Records from a collection:
-=-=-
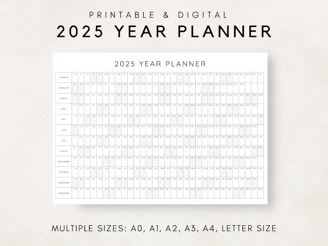 Buy 2025 Year Planner Printable Yearly Planning Calendar Calendar Poster 2025 Digital Calendar 2025 Calendar 2025 Planner Year At A Glance Online In India Etsy
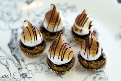 Transfer meringue to pastry bag fitted with large pastry tip. Pipe small dollop on top of each ganache-filled tartlet. Char meringue with kitchen torch to deep golden brown just before serving.
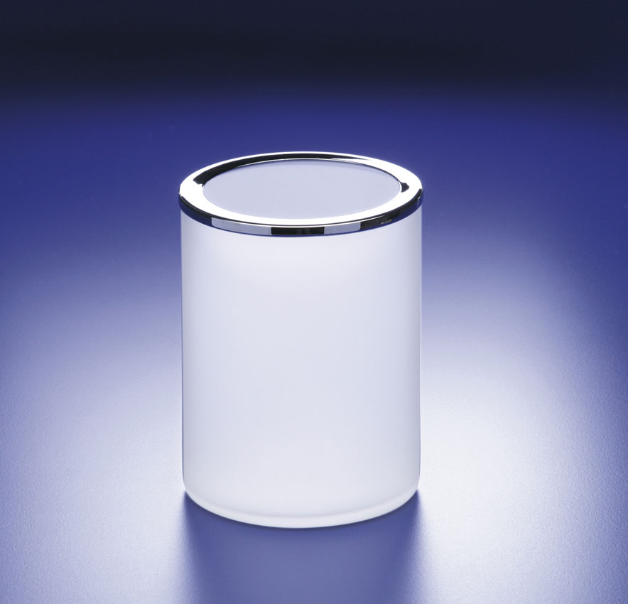 Frosted crystal bath bin with cover, decorated with a solid brass top rim and base, is available finished in chrome, 24 karat gold plate, satin nickel or a combination of chrome and 24 karat gold.
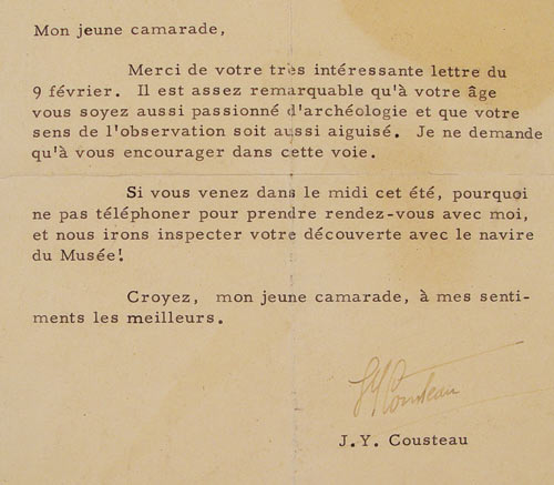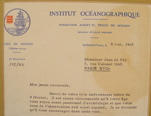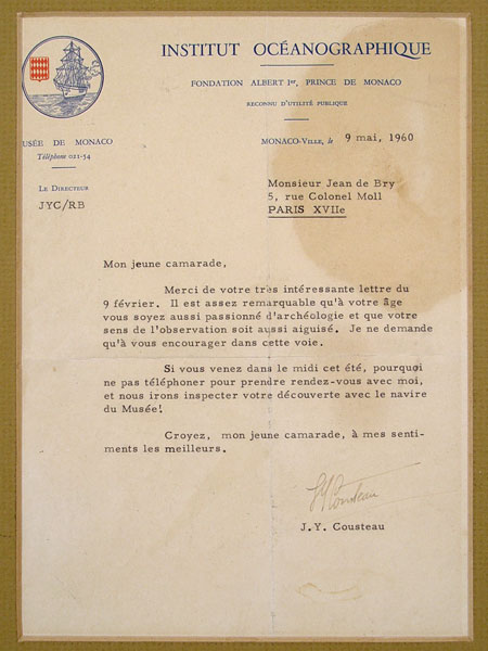 JACQUES COUSTEAU ALS SIGNED LETTER 1960: Dated May 9, 1960, on Institut Oceanographique letterhead to Monsieur Jean De Bry. Letter references Cousteau wanting to meet De Bry and setting up to take the Museums ship to inspect his discovery. Note foxing, large stain upper corner, fold line, letter has been glued to backboard. Matted measures 13'' x 10 1/2''.
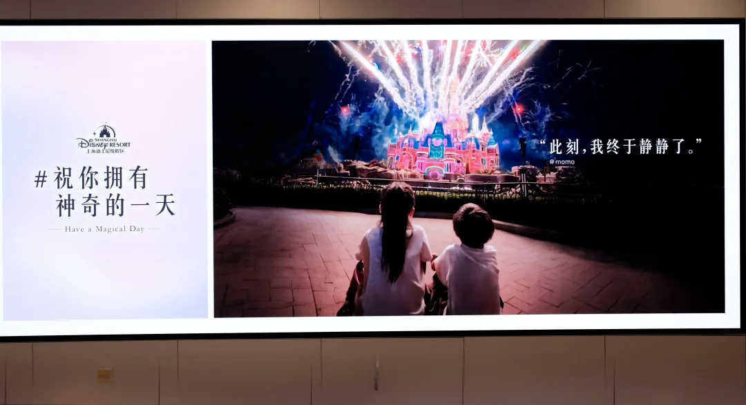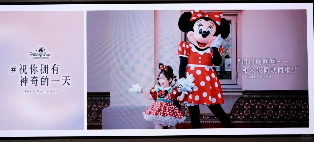 其实,这是迪士尼策划的“祝你拥有神奇的一天”主题活动,通过征集网友幸福瞬间的图片,再配上文案投放在上海热门地铁站,将这份幸福传递给更多受众,进一步强化品牌的影响力。
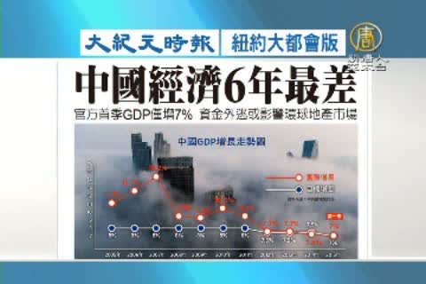 接著看到大紀元時報紐約大都會版報導:中國經濟6年最差 官方首季GDP僅增7% 資金外逃或影響環球地產市場
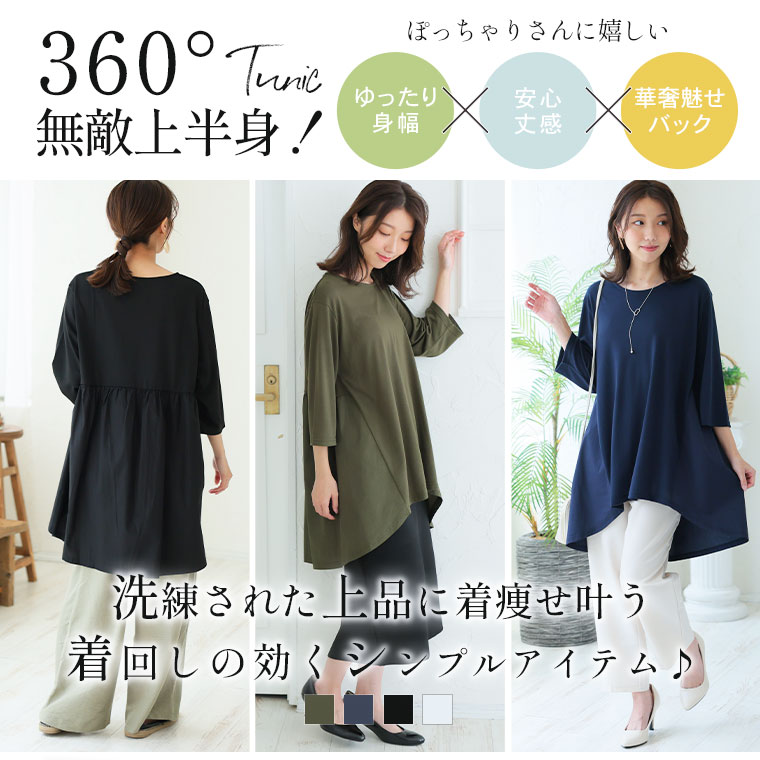 3. 大きいサイズ おなか・おしり・二の腕OK 体型カバー バック切替 チュニック
-=-=-
--- Required work ---
Output must match the lines from the start of the records above through the line that contains "Transfer meringue to", exactly and with every picture removed.

--- Answer to the problem ---
 Buy 2025 Year Planner Printable Yearly Planning Calendar Calendar Poster 2025 Digital Calendar 2025 Calendar 2025 Planner Year At A Glance Online In India Etsy
 Transfer meringue to pastry bag fitted with large pastry tip. Pipe small dollop on top of each ganache-filled tartlet. Char meringue with kitchen torch to deep golden brown just before serving.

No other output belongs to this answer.